§ **TASK GOAL**
With all images left out, restate the records below exactly as written.
# # #
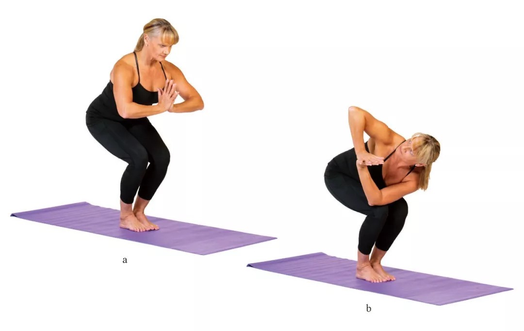 动作:最大幅度深蹲,双手合掌放在胸前做祈祷式(见图a)。保持臀部周正,双膝对齐。上身扭转向一侧,让肘部越过对侧大腿,保持掌心相对,两小臂呈一条直线(见图b)。
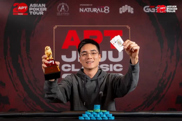 中国选手 Zhi Hang Zhou 在赛事 #7:极速无限注奥马哈高牌赛中,从 35 名选手中脱颖而出,成功斩获个人首座 APT 冠军,赢得 367.9896 万韩元(约 2582 美元)冠军奖金。
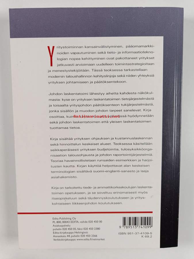 Muu(t) tekijä(t): Erkki Uusi-RauvaSarja: Business Edita; Yrityksen tuloslaskentaAsiasanat: taloussuunnittelu, yritykset, johtaminen, päätöksenteko, talous, liiketalous, laskentatoimi, budjetointi, yritysstrategiat, liikkeenjohto, hinnoittelu, kustannuslaskenta, taloushallinto, taloudellinen ohjaus, omistajaohjaus, tasapainotettu mittaristo
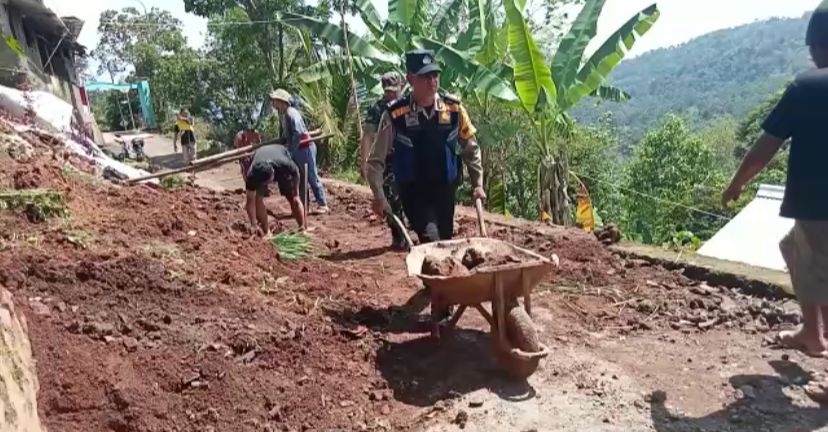 Petugas Kepolisian Bahu Membahu Bersama Warga Bersihkan Longsoran di Wilayah Ganeas Sumedang
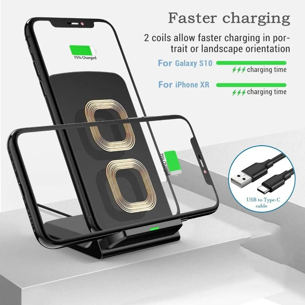 2-coil wireless pad charges your phone vertically or horizontally for the most ideal view and support when watching videos, listening to
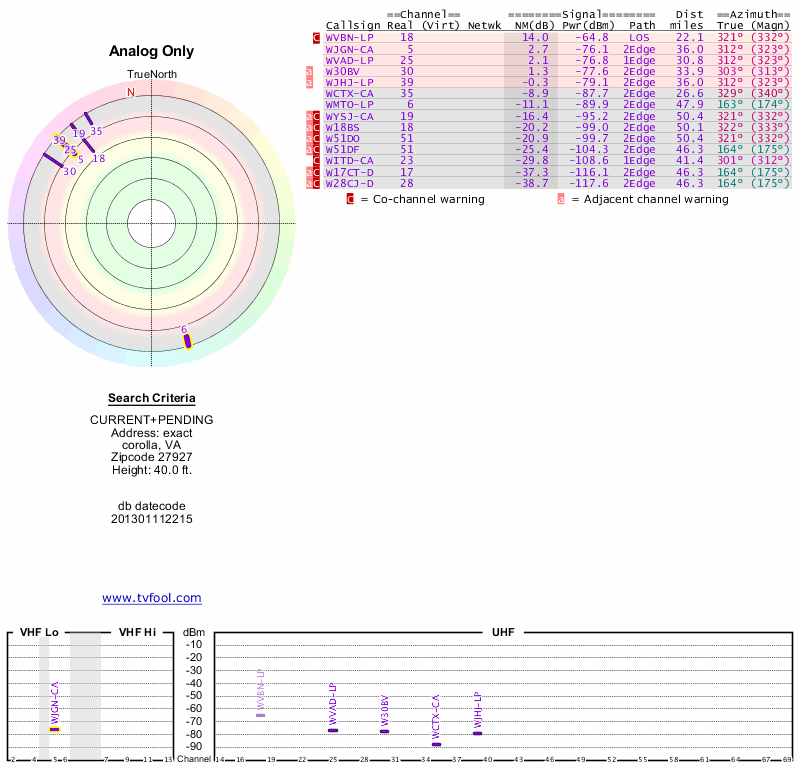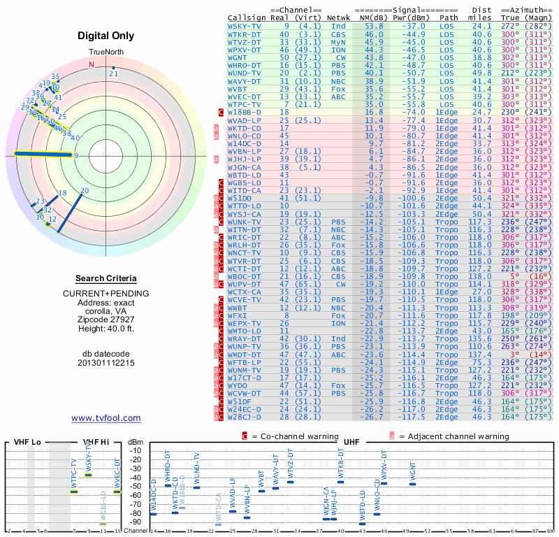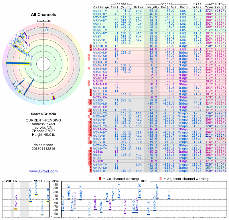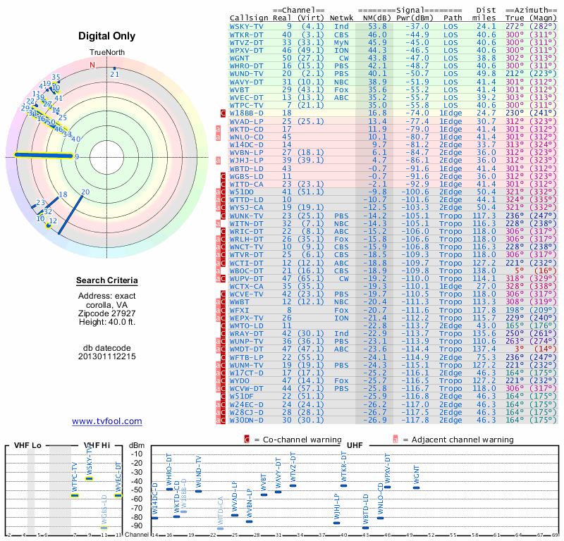 Here are the results for your location. The transmitter database was last updated on June 7, 2013. For more information about these plots and how to interpret them, please check out the Signal Analysis FAQ.
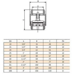 - Messing Rückschlagventil – Öffnungsdruck: 0,024 bar – Nenndruck: PN 12
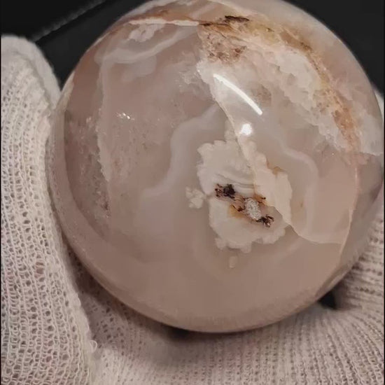 This impressive 6 cm natural agate sphere showcases the refined elegance of Sakura agate, also recognized as flower agate among mineral enthusiasts. The specimen displays a sophisticated palette of warm beige transitioning to pinkish-brown tones, with the characteristic floral-like patterns that define this sought-after variety. The larger size makes it an exceptional display piece, ideal for collectors who appreciate substantial specimens with notable visual impact. Hand-polished to reveal the stone's natural luster and intricate formations, this sphere serves as both a striking decorative element and a meaningful addition to any serious gemstone collection. Its substantial weight and presence make it particularly valued for those seeking premium natural agate specimens.
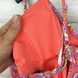 NWT Jessica Simpson Womens sz L Flower O Ring cutout one piece swimsuit, back hook and eye closure, should straps, bandeau neck, moderate coverage, removable soft cups, lined, paisley print
# # #
§ **EXERCISE SOLUTION**
 动作:最大幅度深蹲,双手合掌放在胸前做祈祷式(见图a)。保持臀部周正,双膝对齐。上身扭转向一侧,让肘部越过对侧大腿,保持掌心相对,两小臂呈一条直线(见图b)。
 中国选手 Zhi Hang Zhou 在赛事 #7:极速无限注奥马哈高牌赛中,从 35 名选手中脱颖而出,成功斩获个人首座 APT 冠军,赢得 367.9896 万韩元(约 2582 美元)冠军奖金。
 Muu(t) tekijä(t): Erkki Uusi-RauvaSarja: Business Edita; Yrityksen tuloslaskentaAsiasanat: taloussuunnittelu, yritykset, johtaminen, päätöksenteko, talous, liiketalous, laskentatoimi, budjetointi, yritysstrategiat, liikkeenjohto, hinnoittelu, kustannuslaskenta, taloushallinto, taloudellinen ohjaus, omistajaohjaus, tasapainotettu mittaristo
 Petugas Kepolisian Bahu Membahu Bersama Warga Bersihkan Longsoran di Wilayah Ganeas Sumedang
 2-coil wireless pad charges your phone vertically or horizontally for the most ideal view and support when watching videos, listening to
 Here are the results for your location. The transmitter database was last updated on June 7, 2013. For more information about these plots and how to interpret them, please check out the Signal Analysis FAQ.
 - Messing Rückschlagventil – Öffnungsdruck: 0,024 bar – Nenndruck: PN 12
 This impressive 6 cm natural agate sphere showcases the refined elegance of Sakura agate, also recognized as flower agate among mineral enthusiasts. The specimen displays a sophisticated palette of warm beige transitioning to pinkish-brown tones, with the characteristic floral-like patterns that define this sought-after variety. The larger size makes it an exceptional display piece, ideal for collectors who appreciate substantial specimens with notable visual impact. Hand-polished to reveal the stone's natural luster and intricate formations, this sphere serves as both a striking decorative element and a meaningful addition to any serious gemstone collection. Its substantial weight and presence make it particularly valued for those seeking premium natural agate specimens.
 NWT Jessica Simpson Womens sz L Flower O Ring cutout one piece swimsuit, back hook and eye closure, should straps, bandeau neck, moderate coverage, removable soft cups, lined, paisley print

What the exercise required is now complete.